The Sanity Code was created by the NCAA in 1948 as a compromise between southern schools that wanted to award full athletic scholarships and northern schools that were opposed to athletic scholarships.  The Sanity Code outlined that athletic scholarships should be need-based financial aid, not pay-for-play.

Notre Dame and Penn actually negotiated their own television contracts before the NCAA took over and signed contracts, and threatened Penn with being not in good standing. So that was a whole thing. The NCAA’s first billion dollar agreement for men’s D1 postseason basketball (March Madness) was in 1989, and doubled by 1995. When was this book published??

This book actually briefly describes the horrors of the “Indian Problem,” the struggles of dealing with the KKK (the “fighting Irish” origin is actually more badass than I realized), HBCUs, and the growth of women’s sports. Not bad! Pretty dense chapter.

And the chapter ends with the description of a paradigm. And that’s the end of our show! Bonk!

Chapter 8: Sources of Public Sector Funding

Be sure to know all the basics before our interview with Dr. Luy tomorrow!

Two types of money sources discussed here: taxes (can be general or selective), and bonds (government borrows money to pay for things).

Types of taxes:

  • General taxes
    • Property taxes
      • Real property
        • Land
        • Buildings
        • Etc.
      • Personal property
        • Vehicles
        • Stocks/bonds
        • Patents
        • Etc.
    • Sales Taxes
      • Regressive by nature (property taxes are as well!)
      • Can be used to fund specific projects
  • Selective Taxes
    • Tourist taxes
      • Hotels, car rental, etc.
    • Sin taxes
      • Alcohol, cigarettes, lotteries, etc.
      • Many states have lotteries can be used to fund all kinds of things
        • Except Hawaii and Utah!
    • Jersey tax
      • No one has actually gotten this through a legislature yet though
  • Income Tax
    • It is actually legal to impose state tax on business done within the state, including sports games!
  • Game-Day Surcharges
    • Primarily additional cost to tickets and parking at events

Debt Financing: many ways to make the money move.

  • Three vital principles for using debt to make things happen:
    • Use more time to make the tax burden less onerous
    • Use more time to make the financial pain smaller and get the rewards up front, for politics
    • Use more time so that the beneficiaries are paying (people who leave or come are paying for what they have access to).
      • Note that the debt should still only reach out to the expected end of usefulness of the product, or else you’re paying money for nothing on the back end.

Bonds!

  • Straight serial method
    • Paying more up front, interest decreases to end
  • Graduated serial method
    • Paying less up front, more total interest

Bond rating is mentioned, including S&P rating.
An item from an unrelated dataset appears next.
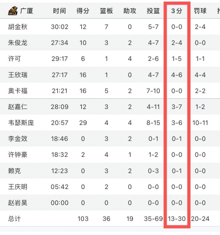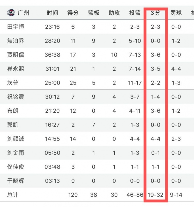本场比赛,两队在外线的表现有些差距,其中广州全队32投19中,而广厦只有30投13中。

Ahh memories. I wonder if the USA’s credit score is back up to AAA.

Tax-exempt bonds can only be issues by governments. In 1986 the Tax Reform Act was passed to try and prevent cities from using tax-exempt bonds to pay for stadiums but there were loopholes (of course) and things got messier.

Some blast from the past of sport marketing! Specifically w/r/t getting a new bond passed.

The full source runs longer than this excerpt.